Multiplying the first half-equation by 2 and summing gives the cell reaction

$\ce{2Ag + 2H^{+} \rightarrow 2Ag^{+} + H_{2} (g)}$

b) Following the same procedure as in part a, we obtain

$\ce{2Cr^{3+} + 7H_{2}O \rightarrow Cr_{2}O_{7}^{2–} + 14H^{+} + 6}e^{-}$ Left electrode

$$\ce{(Br_{2}(l) + 2}e^– \ce{\rightarrow 2Br^{–}) * 3}$$ Right electrode

$\ce{2Cr^{3+} + 7H_{2}O + 3Br_{2}(l) \rightarrow Cr_{2}O_{7}^{2–} + 14H^{+} + 6Br^{-}}$ Cell reaction

Note: The procedures described in other sections for balancing redox equations were used in arriving at the above results.

Example $$\PageIndex{2}$$: Galvanic Cell

Describe in shorthand notation a galvanic cell for which the cell reaction is

$\ce{Cu(s) + 2Fe^{3+}(aq) \rightarrow Cu^{2+}(aq) + 2Fe^{2+}(aq)}$

Solution

First divide the cell reaction into half-equations:

• Oxidation: $$\ce{Cu(s) \rightarrow Cu^{2+}(aq) + 2}e^{–}$$
• Reduction: $$\ce{Fe^{3+} + }e^– \ce{\rightarrow Fe^{2+}}$$

Then write the oxidation as the left-hand electrode and the reduction on the right:

$\ce{Cu} \mid \ce{Cu^{2+}} \parallel \ce{Fe^{2+}, Fe^{3+}} \mid \ce{Pt}$

(Since both Fe2+ and Fe3+ are in solution, a Pt electrode is used.)

The conventions we have developed can be used to decide whether the cell reaction is actually spontaneous. If it is, an oxidation will release electrons to the external circuit at the left-hand electrode. If a voltmeter is placed in the circuit, these electrons will make its left-hand terminal negative.
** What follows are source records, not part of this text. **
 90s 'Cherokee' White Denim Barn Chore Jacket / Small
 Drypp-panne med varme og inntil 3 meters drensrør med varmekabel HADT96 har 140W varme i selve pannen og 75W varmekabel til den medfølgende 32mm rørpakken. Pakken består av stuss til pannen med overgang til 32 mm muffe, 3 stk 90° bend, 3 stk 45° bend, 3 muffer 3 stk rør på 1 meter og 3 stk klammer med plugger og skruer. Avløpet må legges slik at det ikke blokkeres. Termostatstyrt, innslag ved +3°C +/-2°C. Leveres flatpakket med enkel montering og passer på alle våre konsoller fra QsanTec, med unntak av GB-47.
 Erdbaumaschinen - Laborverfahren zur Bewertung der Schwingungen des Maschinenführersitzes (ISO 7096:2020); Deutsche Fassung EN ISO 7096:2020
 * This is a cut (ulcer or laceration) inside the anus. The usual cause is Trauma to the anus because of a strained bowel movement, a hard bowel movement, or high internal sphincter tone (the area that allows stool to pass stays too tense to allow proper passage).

Since the right-hand electrode corresponds to reduction, electrons will be withdrawn from the right-hand terminal of the voltmeter. This is shown for the Zn–Cu cell in Figure 1 from the Galvanic Cells section. You can readily confirm that the spontaneous cell reaction (Eq. (1) from Galvanic Cells) corresponds to the shorthand cell notation of Eq. $$\ref{1}$$.
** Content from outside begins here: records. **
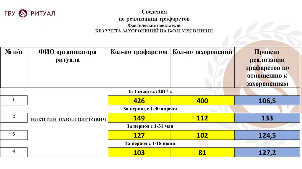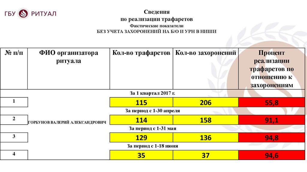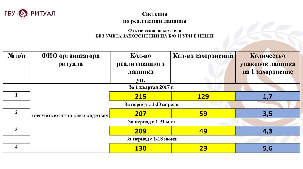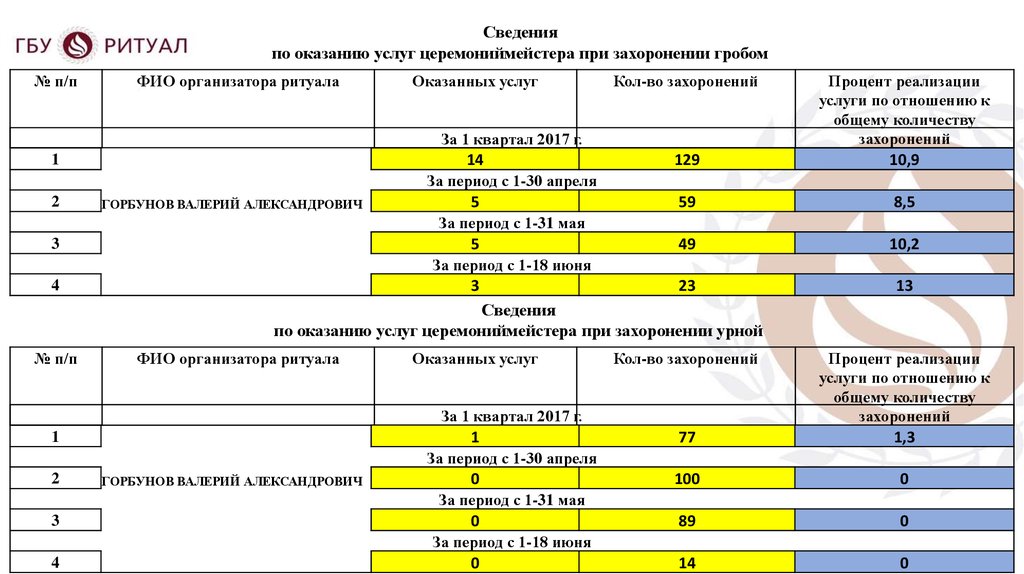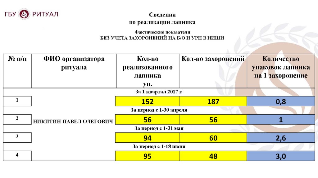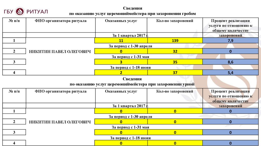 Доклад организатора ритуалаПерепечинского кладбища
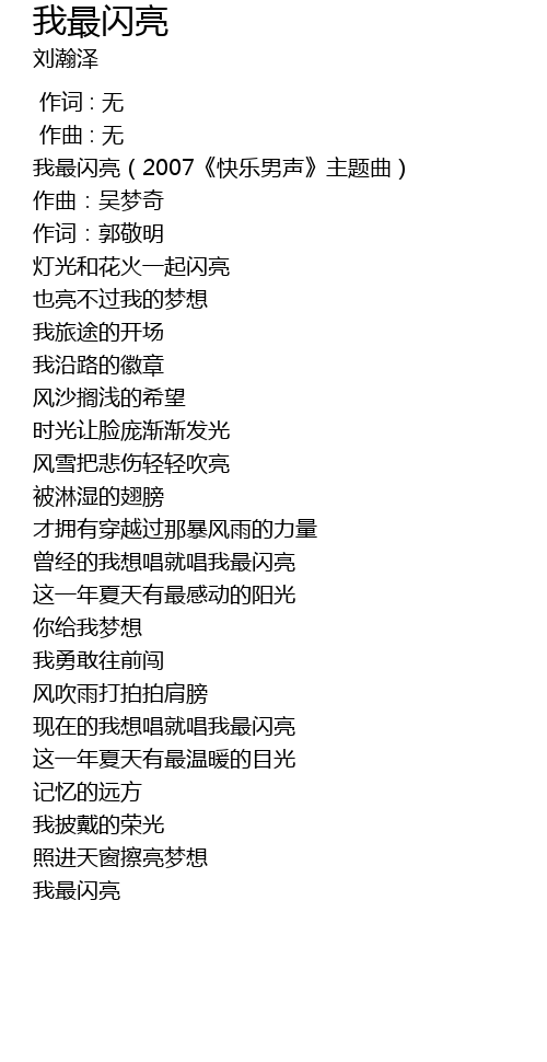 | [00:00.946] | 我最闪亮(2007《快乐男声》主题曲) |
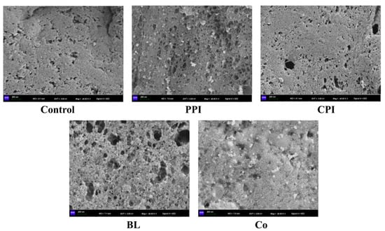 The TPA results of the five sausage samples are shown in Table 4. The hardness, cohesiveness, and chewiness of fish sausage added with Co were significantly higher than those of PPI and CPI (p < 0.05), which indicated the synergistic effect of Co. According to previous studies [18], it is speculated that disulphide bonds account for the highest proportion of intermolecular forces of Co gel, which makes the hardness and cohesion of Co fish sausage stronger and thus necessitating greater energy consumption during chewing. However, the thermal denaturation temperature of PPI (82 °C) [37] and CPI (56 °C) [38] contained in BL is obviously different, which leads to the loose structure of heat-induced gel formed by BL, which leads to the lowest hardness, cohesion, and chewiness of BL fish sausage (p < 0.05), showing an obvious antagonistic effect. The hardness, cohesion, and chewiness of the blank control group were the lowest, but the springiness was the highest (p < 0.05). This is similar to the research results of improving the texture characteristics of fish sausage by adding pea protein [39]. Adding protein can enhance the interaction between protein molecules in surimi gel, thus improving the texture characteristics of the gel.
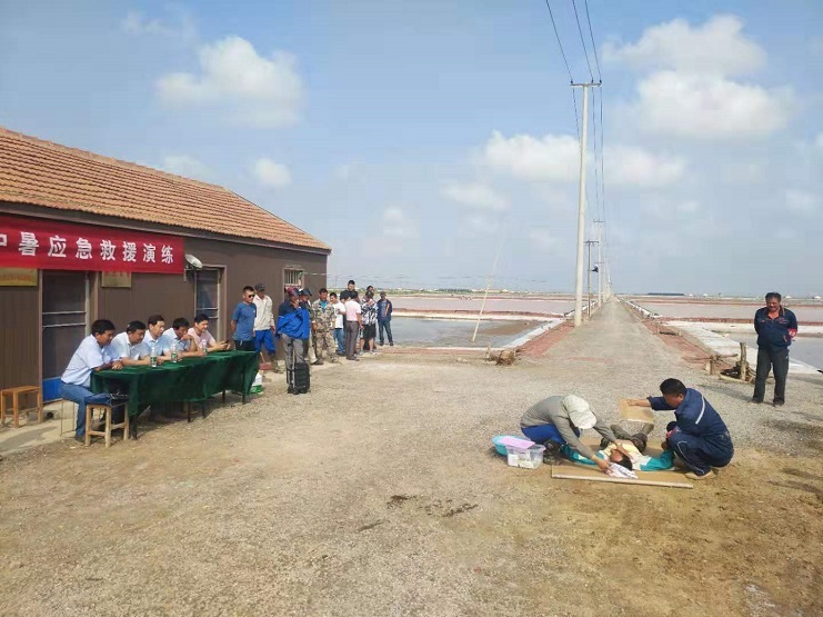 為了貫徹落實灌西投資公司“安全生產(chǎn)月”活動,7月9號在埒南制鹽分公司八班舉行應(yīng)急演練,學(xué)習(xí)中暑急救等安全救援知識。明威公司分管安全領(lǐng)導(dǎo)徐永年與安全員胡繼軍參與演練學(xué)習(xí)。(明威 ?,?

For the cell shown in Figure 1 in Galvanic Cells, the shorthand notation is

$\ce{Pt , Cl_2(g)} \mid \ce{Cl^–(1 M)} \parallel \ce{Fe^{2+}(1 M), Fe^{3+}(1 M)} \mid \ce{Pt}$

According to the conventions we have just developed, this corresponds to the cell reaction

$\ce{2Cl^–(aq) + 2Fe^{3+}(aq) \rightarrow Cl_2(g) + 2Fe^{2+}(aq)}$

But this is the of the spontaneous cell reaction we described before (Eq. (2) from Galvanic Cells). Since the cell reaction is nonspontaneous, electrons will not be forced into the external circuit at the left-hand electrode, and they will not be withdrawn at the right. In fact the reverse will actually occur. Thus if a voltmeter is connected to this cell, its right-hand terminal will become more negative and its left-hand terminal will become more positive.
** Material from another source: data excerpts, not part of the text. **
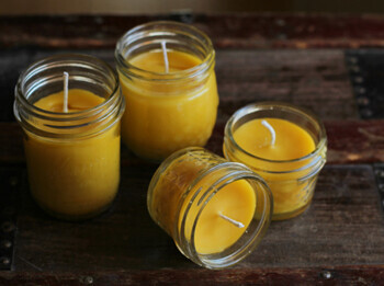 You can also scent your candle wax between the wax melting and pouring the candle. Essential oils don't like high heat so the scent may not be strong. Try adding 2-4 teaspoons of oil to 500g of beeswax. I'm planning on making citronella candles to have on our outdoor table this summer.
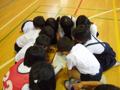 本日の児童集会は、24日にある全校オリエンテーリングの話し合いをしました。たてわり班でポイントを回るので、地図を見て、ポイントの回り方などを話し合いました。全校オリエンテーリングを楽しみに。
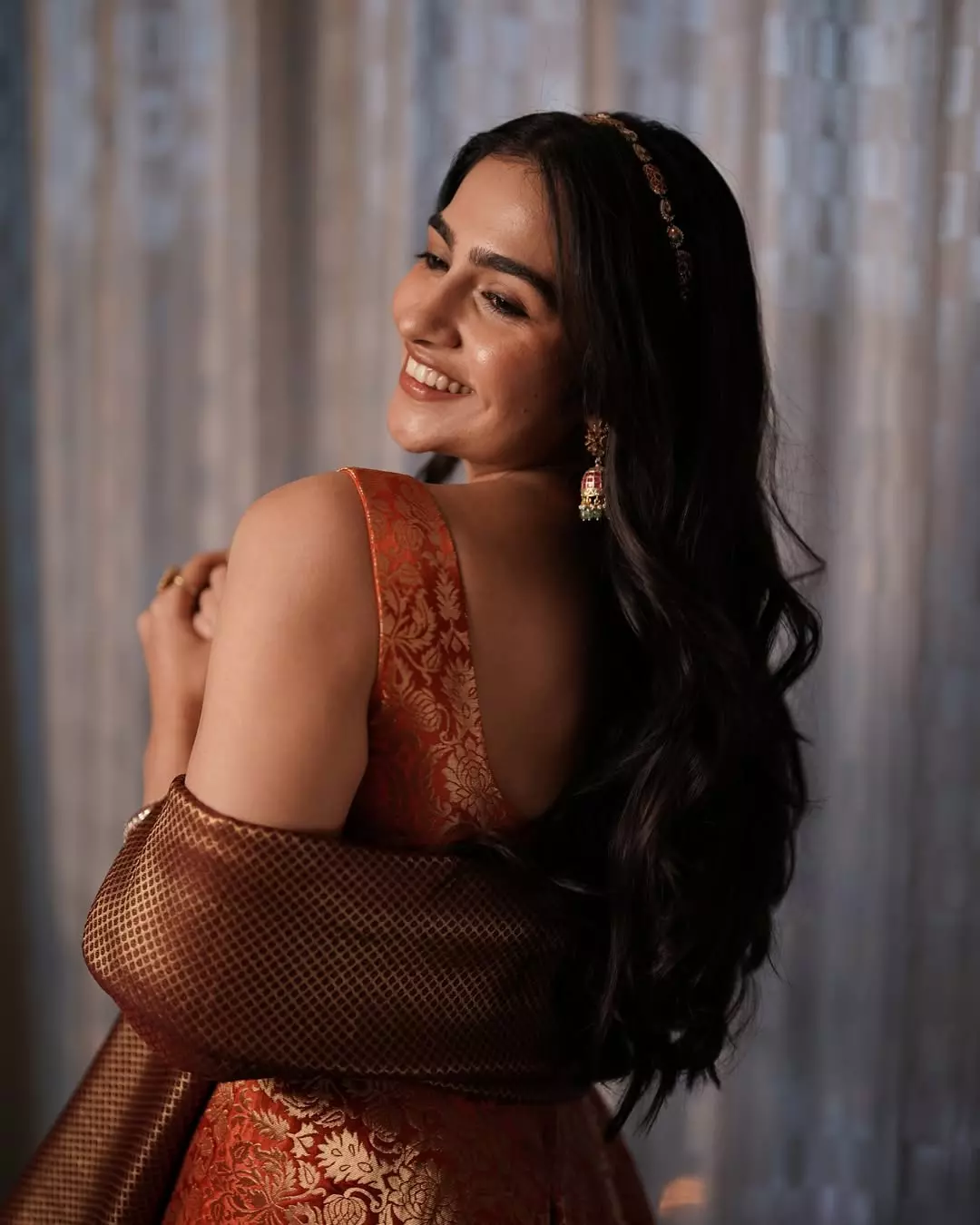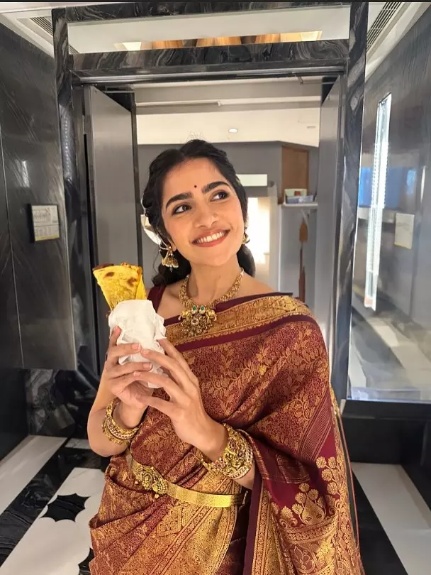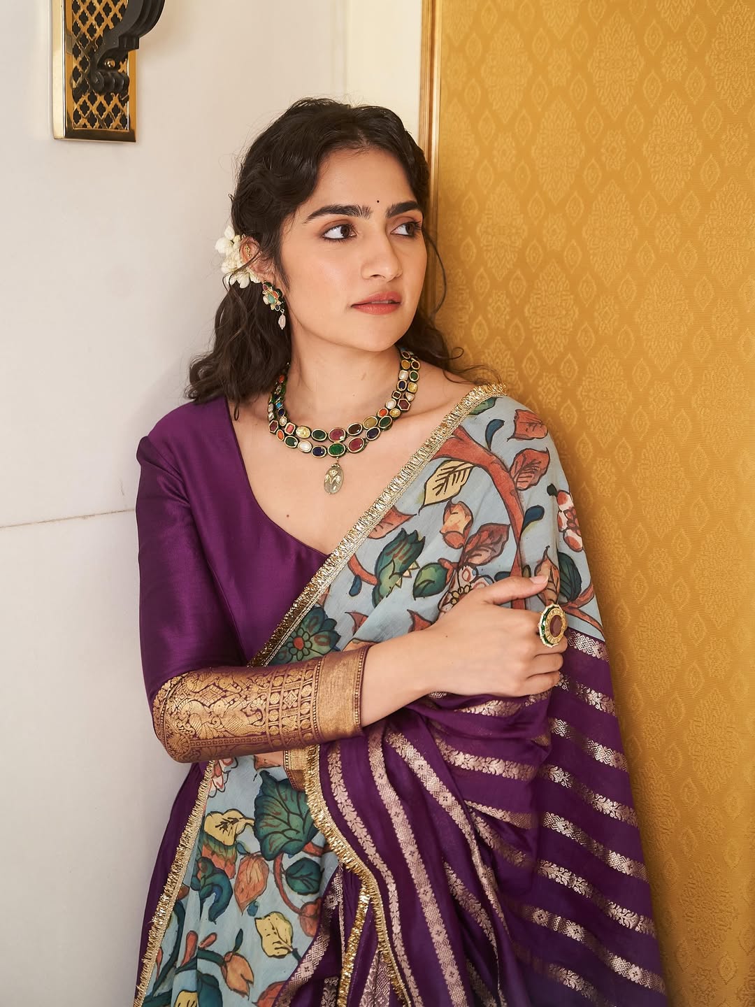For this look, the actress wore jewelry from the brand Kundankali which included an elegant necklace that complemented her saree. The dress was styled by Pooja Karanam with additional support from the styling team Rutuja Styles and Keerthi Madhusudan. The picture was beautifully captured by photographer Saurabh Sonkar, while her soft wavy hairstyle was done by Yashdeep S and her makeup was handled by Abhilasha.

In general, if a galvanic cell is connected to a voltmeter, the electrode connected to the negative terminal of the meter must be the anode. If our shorthand cell notation shows that electrode on the left, then the corresponding cell reaction must be spontaneous. Electrons will be released by the oxidation half-equation on the left and accepted by the reduction on the right. If, on the other hand, the voltmeter shows that the right-hand electrode is releasing electrons, then we must have written our shorthand notation backwards. This means that the reverse of the cell reaction obtained by our rules must actually be occurring, and it is that reverse reaction which is spontaneous. Thus by simply observing which electrode in the cell releases electrons and which accepts them, that is, by finding which electrode is negative and which positive, we can determine whether the cell reaction is spontaneous.